Whether or not the city's action plan succeeds has more to do with decisions by state officials and the energy companies than anything city leaders do. This reality leads us to three obvious problems with the energy plan that have yet to be worked out.

First, there's the possibility that state officials will go back on their decision to support San Francisco's energy plan. The agreement is in writing, but it clearly states that nothing's guaranteed, especially if energy reserves two years from now continue to be as restricted as they are today.

That's what made California's deputy energy secretary Joe Desmond's visit here to show support for the energy plan so crucial. It was only after the governor's office became involved that the California grid operator agreed to allow the city's peaker power plant to replace all the old generators.

Once the state has signed off on closing the Hunters Point and Potrero plants, PG&E and Mirant still get the final say. Yes, even in this distorted regulatory system, the companies get to decide if their power plants stay open or close.

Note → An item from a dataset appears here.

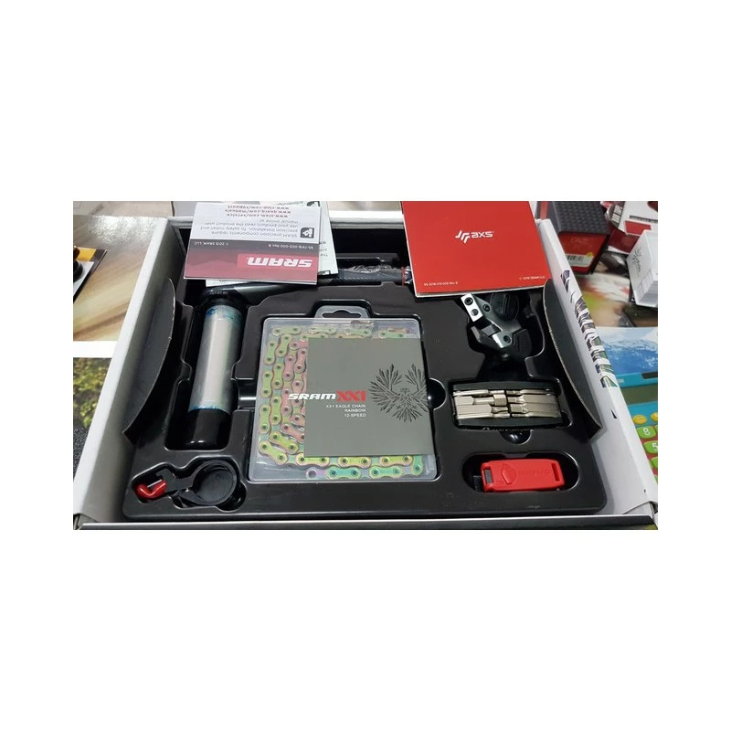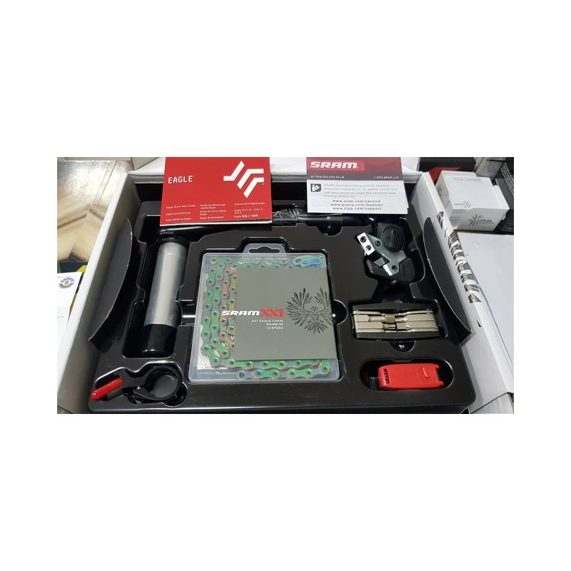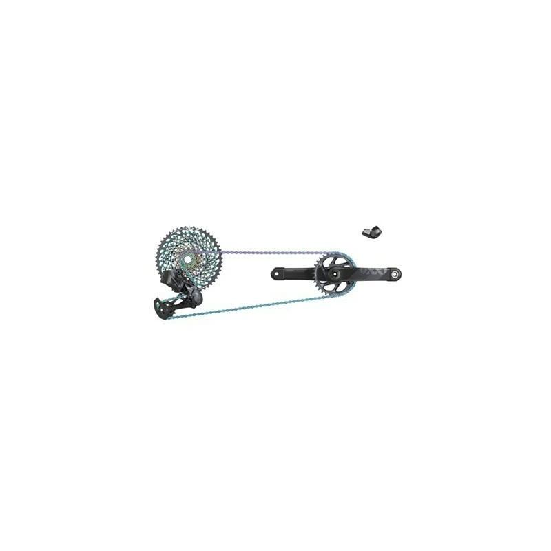 Cambio con batería, Maneta Trigger con pinza, bielas DUB 175 Plato Direct Mount 34D, Cadena arcoíris 126 eslabones, Cassette XG-1299 10×50, Cargador y ajustador de cambio

So far, PG&E has maintained it will close Hunters Point. Mirant, which is currently in bankruptcy court, has been the wild card. But Nov. 15, the Bay Guardian got word that Mirant had signed an agreement with Oakland-based Communities for a Better Environment that will support a financial incentive to close its largest Potrero power generator by 2007.

Notably, this agreement, which also markedly cuts pollution over the next two years, has Mirant surrendering most of its air emission credits to CBE. Without those credits, the cost of doing business after 2007 could dramatically increase for the company. That, CBE senior scientist Greg Karras told us, makes it more likely that the company will fold its Potrero business in two years – even though there's no guarantee.

The third major contingency, spelled out by the grid operator in an Oct. 27 letter to city leaders, has the action plan working perfectly. With just four peaker plants and neither of the older plants in operation, the city runs a greater risk of widespread power outages if the transmission lines go haywire. And if that happens, expect that there will be more than a few community activists banging down the doors of City Hall.

P.S. Sup. Tom Ammiano is eyeing the PG&E franchise fee as a possible way to help close the city's massive budget deficit. Through an agreement inked more than 60 years ago, PG&E pays the city a minuscule half percent of local sales for the privilege to operate its lucrative business here, while utilities around the country typically pay much more. On Nov. 16, Ammiano urged the Board of Supervisors to query Herrera on ways to increase PG&E's fee. The last time the supes considered such a move, Louise Renne (a staunch opponent of public power) was the city attorney, and she offered no help in the matter. Ammiano suspects Herrera might be more willing to go after PG&E.